(Dataset entries)

<<<<

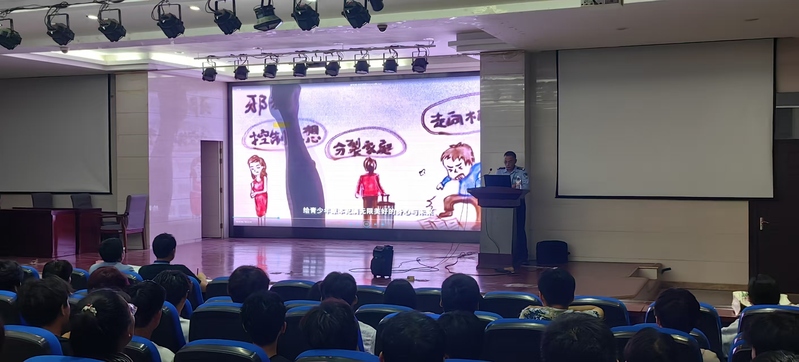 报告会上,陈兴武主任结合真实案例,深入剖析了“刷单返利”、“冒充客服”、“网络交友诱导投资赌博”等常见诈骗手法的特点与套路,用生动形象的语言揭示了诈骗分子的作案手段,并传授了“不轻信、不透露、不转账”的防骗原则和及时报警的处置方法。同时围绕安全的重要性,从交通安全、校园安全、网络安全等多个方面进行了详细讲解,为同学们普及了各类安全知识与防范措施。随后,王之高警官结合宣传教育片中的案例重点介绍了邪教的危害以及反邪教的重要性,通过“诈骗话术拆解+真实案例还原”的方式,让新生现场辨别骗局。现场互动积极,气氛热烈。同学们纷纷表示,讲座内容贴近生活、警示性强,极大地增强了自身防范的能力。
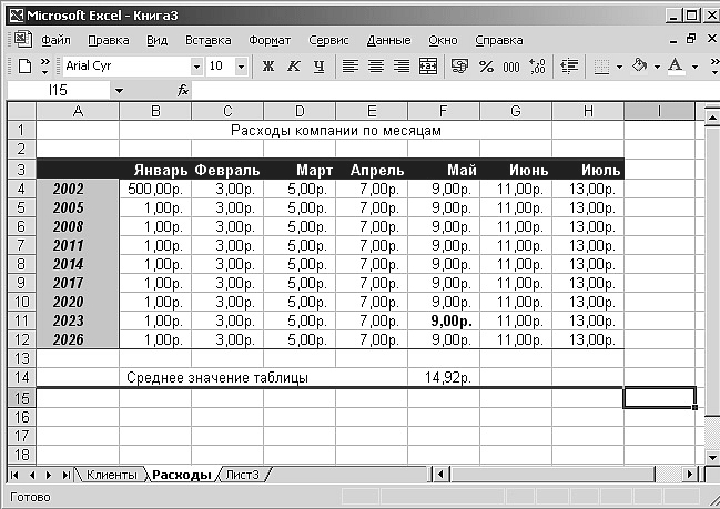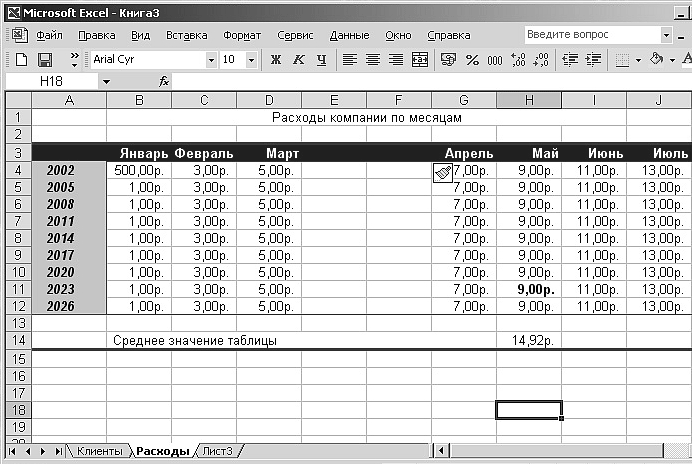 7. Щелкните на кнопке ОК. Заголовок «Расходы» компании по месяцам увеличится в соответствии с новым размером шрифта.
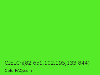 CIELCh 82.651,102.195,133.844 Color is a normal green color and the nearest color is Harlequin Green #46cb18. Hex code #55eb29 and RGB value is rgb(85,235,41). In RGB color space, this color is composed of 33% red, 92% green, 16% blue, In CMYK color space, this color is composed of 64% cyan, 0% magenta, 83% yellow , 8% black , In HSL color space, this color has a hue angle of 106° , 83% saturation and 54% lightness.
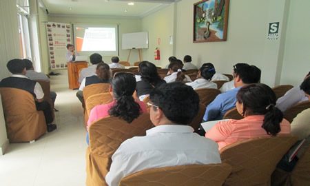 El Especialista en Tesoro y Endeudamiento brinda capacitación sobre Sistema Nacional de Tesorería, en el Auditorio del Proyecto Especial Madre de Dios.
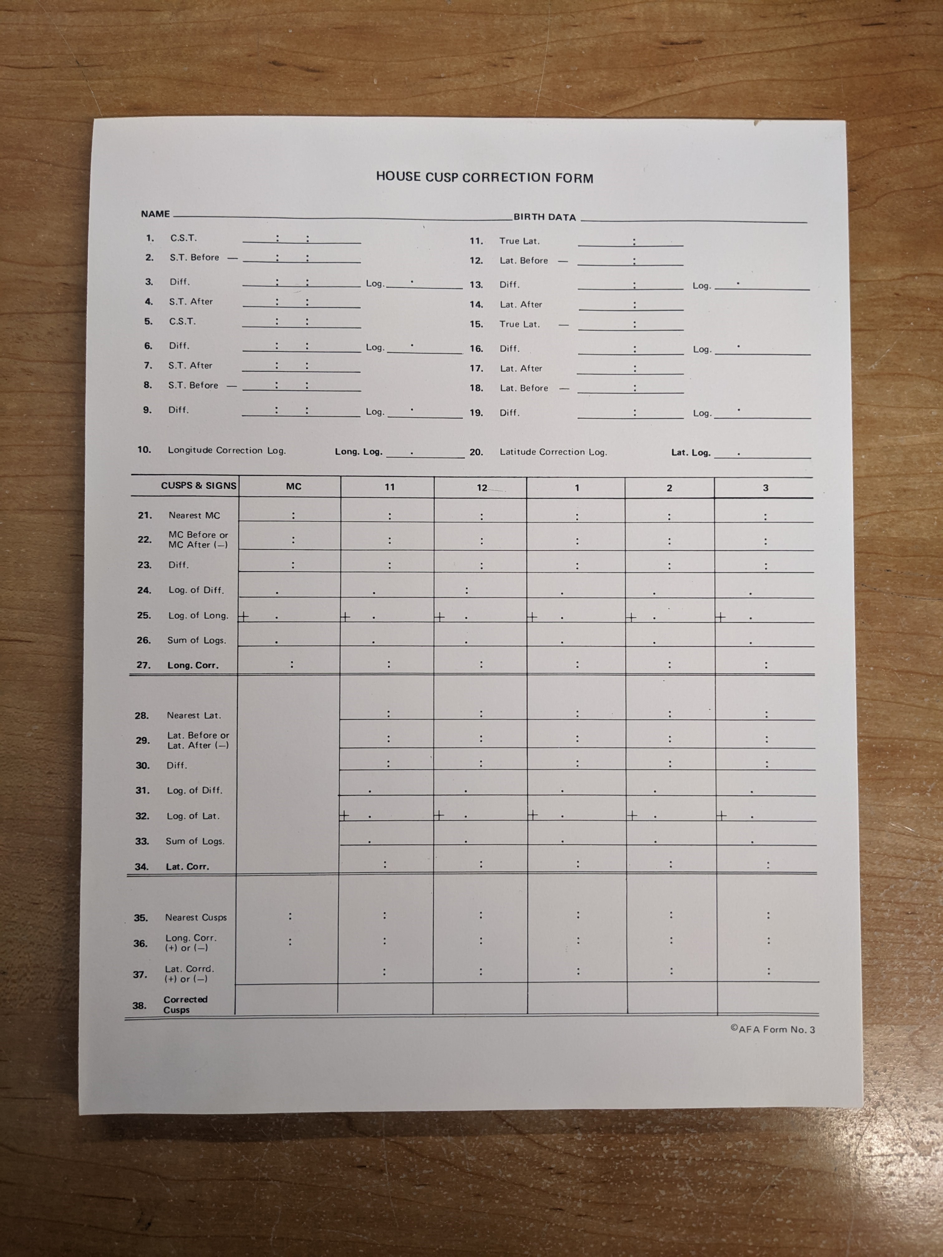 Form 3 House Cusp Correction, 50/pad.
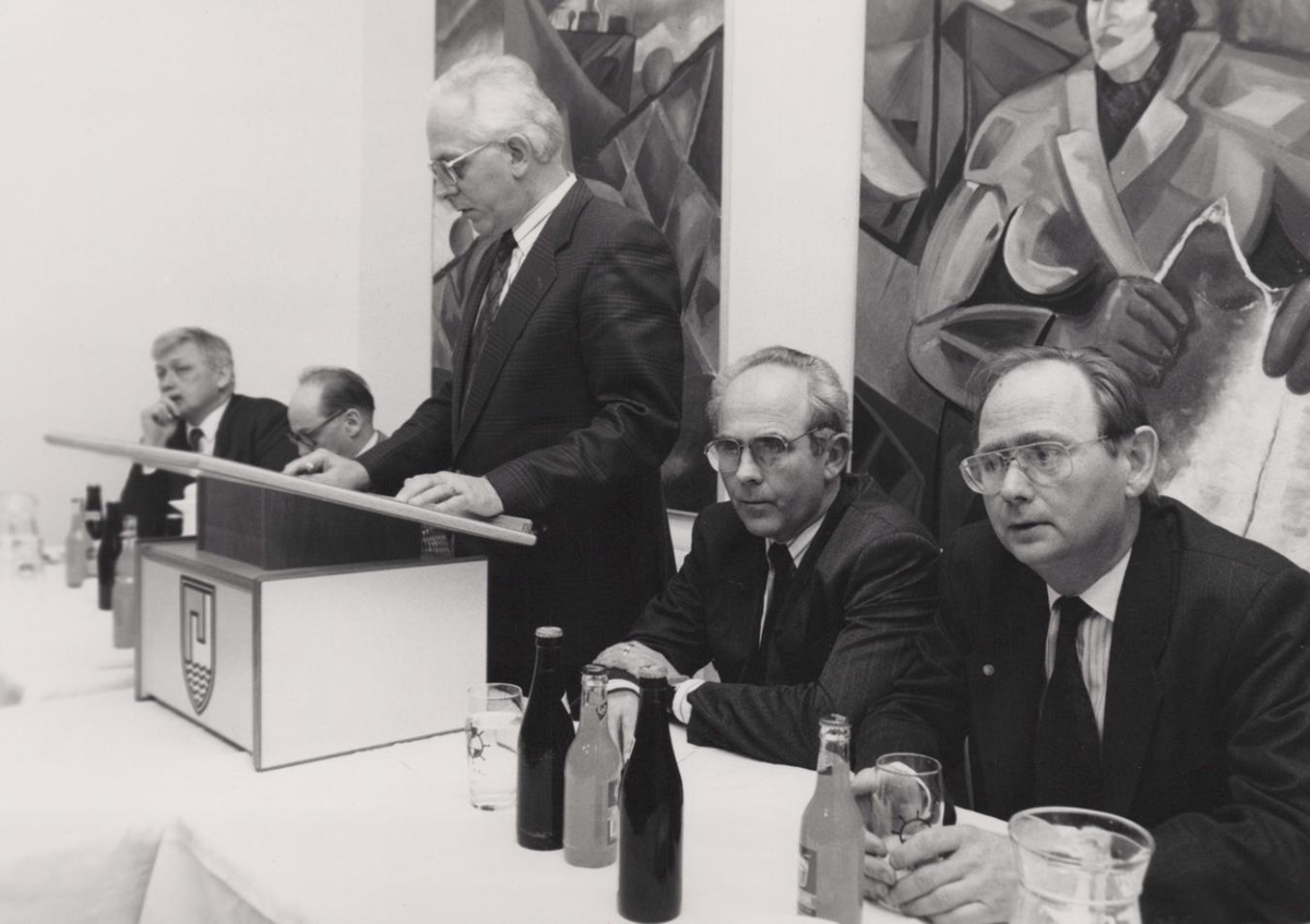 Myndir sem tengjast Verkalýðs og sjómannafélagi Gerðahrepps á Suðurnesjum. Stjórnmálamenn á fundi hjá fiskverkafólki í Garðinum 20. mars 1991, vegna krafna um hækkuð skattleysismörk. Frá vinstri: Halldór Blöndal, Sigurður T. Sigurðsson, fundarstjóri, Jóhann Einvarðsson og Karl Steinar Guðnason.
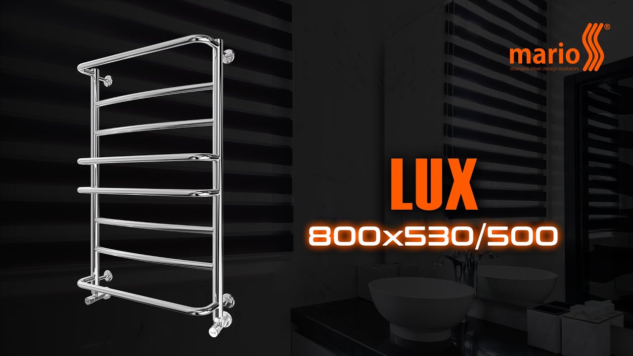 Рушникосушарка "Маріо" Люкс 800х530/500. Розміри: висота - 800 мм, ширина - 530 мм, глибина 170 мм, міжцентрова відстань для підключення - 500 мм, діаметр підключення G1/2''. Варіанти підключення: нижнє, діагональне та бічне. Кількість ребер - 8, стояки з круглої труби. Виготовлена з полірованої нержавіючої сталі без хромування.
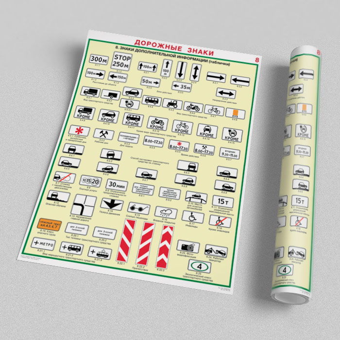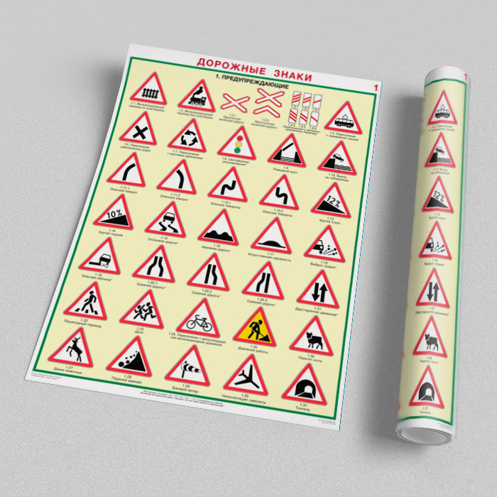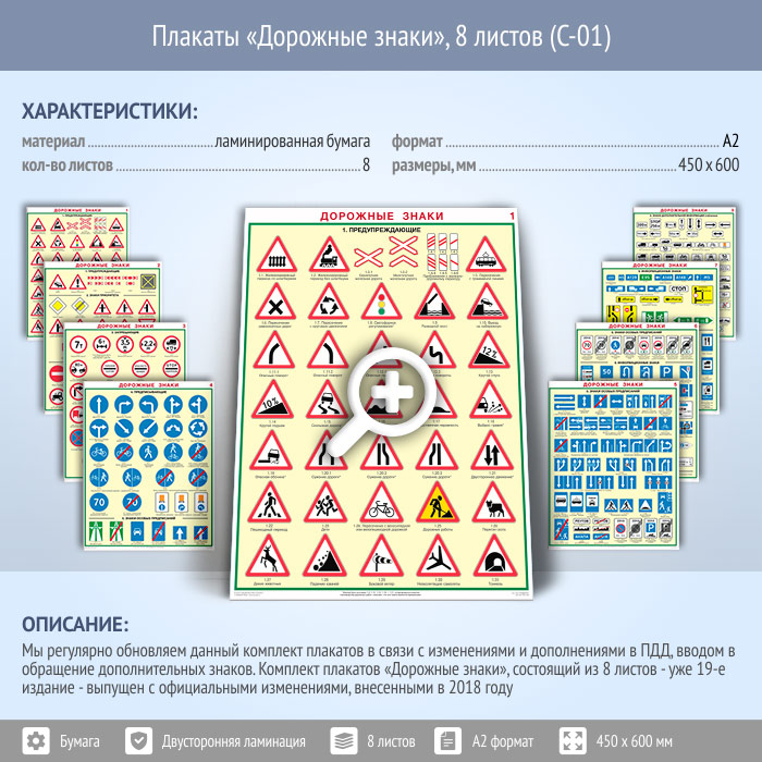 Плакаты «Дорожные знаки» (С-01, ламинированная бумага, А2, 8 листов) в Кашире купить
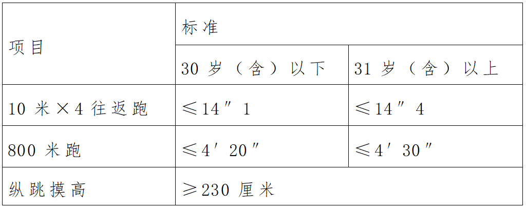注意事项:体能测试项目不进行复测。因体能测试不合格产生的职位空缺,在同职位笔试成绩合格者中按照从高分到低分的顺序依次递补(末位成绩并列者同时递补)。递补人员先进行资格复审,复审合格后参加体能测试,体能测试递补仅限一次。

>>>>

WHAT YOU SHOULD DO: The data is to be returned exactly as it stands, pictures aside.

WRITTEN REPLY:
 报告会上,陈兴武主任结合真实案例,深入剖析了“刷单返利”、“冒充客服”、“网络交友诱导投资赌博”等常见诈骗手法的特点与套路,用生动形象的语言揭示了诈骗分子的作案手段,并传授了“不轻信、不透露、不转账”的防骗原则和及时报警的处置方法。同时围绕安全的重要性,从交通安全、校园安全、网络安全等多个方面进行了详细讲解,为同学们普及了各类安全知识与防范措施。随后,王之高警官结合宣传教育片中的案例重点介绍了邪教的危害以及反邪教的重要性,通过“诈骗话术拆解+真实案例还原”的方式,让新生现场辨别骗局。现场互动积极,气氛热烈。同学们纷纷表示,讲座内容贴近生活、警示性强,极大地增强了自身防范的能力。
 7. Щелкните на кнопке ОК. Заголовок «Расходы» компании по месяцам увеличится в соответствии с новым размером шрифта.
 CIELCh 82.651,102.195,133.844 Color is a normal green color and the nearest color is Harlequin Green #46cb18. Hex code #55eb29 and RGB value is rgb(85,235,41). In RGB color space, this color is composed of 33% red, 92% green, 16% blue, In CMYK color space, this color is composed of 64% cyan, 0% magenta, 83% yellow , 8% black , In HSL color space, this color has a hue angle of 106° , 83% saturation and 54% lightness.
 El Especialista en Tesoro y Endeudamiento brinda capacitación sobre Sistema Nacional de Tesorería, en el Auditorio del Proyecto Especial Madre de Dios.
 Form 3 House Cusp Correction, 50/pad.
 Myndir sem tengjast Verkalýðs og sjómannafélagi Gerðahrepps á Suðurnesjum. Stjórnmálamenn á fundi hjá fiskverkafólki í Garðinum 20. mars 1991, vegna krafna um hækkuð skattleysismörk. Frá vinstri: Halldór Blöndal, Sigurður T. Sigurðsson, fundarstjóri, Jóhann Einvarðsson og Karl Steinar Guðnason.
 Рушникосушарка "Маріо" Люкс 800х530/500. Розміри: висота - 800 мм, ширина - 530 мм, глибина 170 мм, міжцентрова відстань для підключення - 500 мм, діаметр підключення G1/2''. Варіанти підключення: нижнє, діагональне та бічне. Кількість ребер - 8, стояки з круглої труби. Виготовлена з полірованої нержавіючої сталі без хромування.
 Плакаты «Дорожные знаки» (С-01, ламинированная бумага, А2, 8 листов) в Кашире купить
注意事项:体能测试项目不进行复测。因体能测试不合格产生的职位空缺,在同职位笔试成绩合格者中按照从高分到低分的顺序依次递补(末位成绩并列者同时递补)。递补人员先进行资格复审,复审合格后参加体能测试,体能测试递补仅限一次。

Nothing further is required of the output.